We want to block tracking cookies to increase user privacy, in line with Mozilla’s broad goals. We need to watch for some potential negative effects, such as decreased revenue and the potential that we break certain sites, leading to unhappier users, decreased engagement and increased churn.

On December 17, we launched an experiment dividing 1.1% of eligible Firefox users into three branches:

The third branch, Cohort_3, went beyond what we would expect to deliver to users. This aggressive move was designed to cause user-noticeable breakage so that we could discover whether our experimental methods are sensitive enough to detect this level of user-noticeable breakage.

Figs 1 and 2 show what happened to clients between 1 and 2 weeks after enrollment.

Figure 1

For each point on Fig 1, the y coordinate of the point gives the fraction of users in the branch who had >x active hours that week. “Active hours” refers to the amount of time that the user was interacting with the browser (clicking, scrolling, etc). So in all three branches, roughly 70% of users had at least some activity in this time period (at x=0, y is roughly 0.7). Looking at x=5, fewer than 20% of users in each branch had more than 5 hours of activity.

In Fig 1 it’s hard to see the difference between branches, so in Fig 2 we plot the “uplift” of each cohort vs the control, Cohort_1. The “uplift” is the ratio of y values in Fig 1, minus 1: if the uplift is zero then there is no change, if it is positive then more users have >x active hours. We shade the 90% probability bands around each of these uplifts.

Figure 2

In Figure 2, for Cohort_3 (all third party cookies blocked) the entire band is well away from zero uplift: there is a significant difference between Cohort_3 and the control. It looks like we had around 1% fewer active users in Cohort_3, and between 2% and 5% fewer users who were active for over 10 hours. There is little ambiguity here: Cohort_3 was worse for user engagement and retention than the control. This gives us confidence in our ability to detect disasters using these techniques.

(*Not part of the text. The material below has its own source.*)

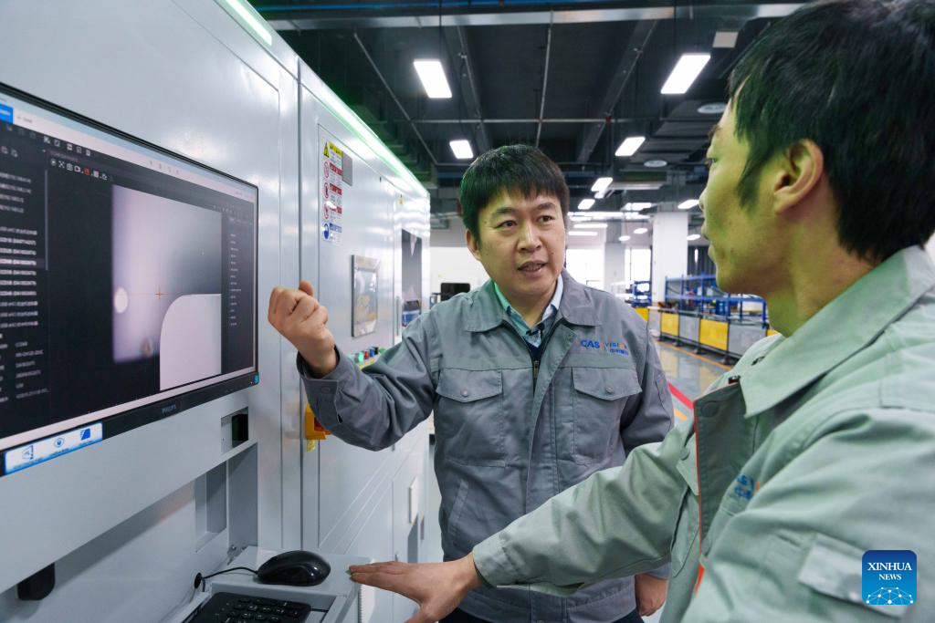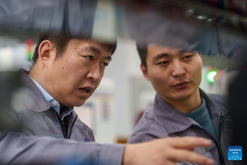 Zhang Zhengtao (L) discusses the panel operation of an intelligent inspection device with his colleague at the headquarters of CASI Vision in Luoyang, central China's Henan Province, Feb. 3, 2024. (Xinhua/Zhou Dixiao)

Since the impact on users was much larger than we had anticipated, Cohort_3 was terminated shortly after these graphs were generated, and the affected users were returned to the default settings.

Through the remainder of the experiment, we could not detect a significant difference in usage between Cohort_1 (the control) and Cohort_2 (ETP). For example, in each of the first five weeks after enrollment, the difference in active hours per user in Cohort_2 was within +/-2% of that for Cohort_1.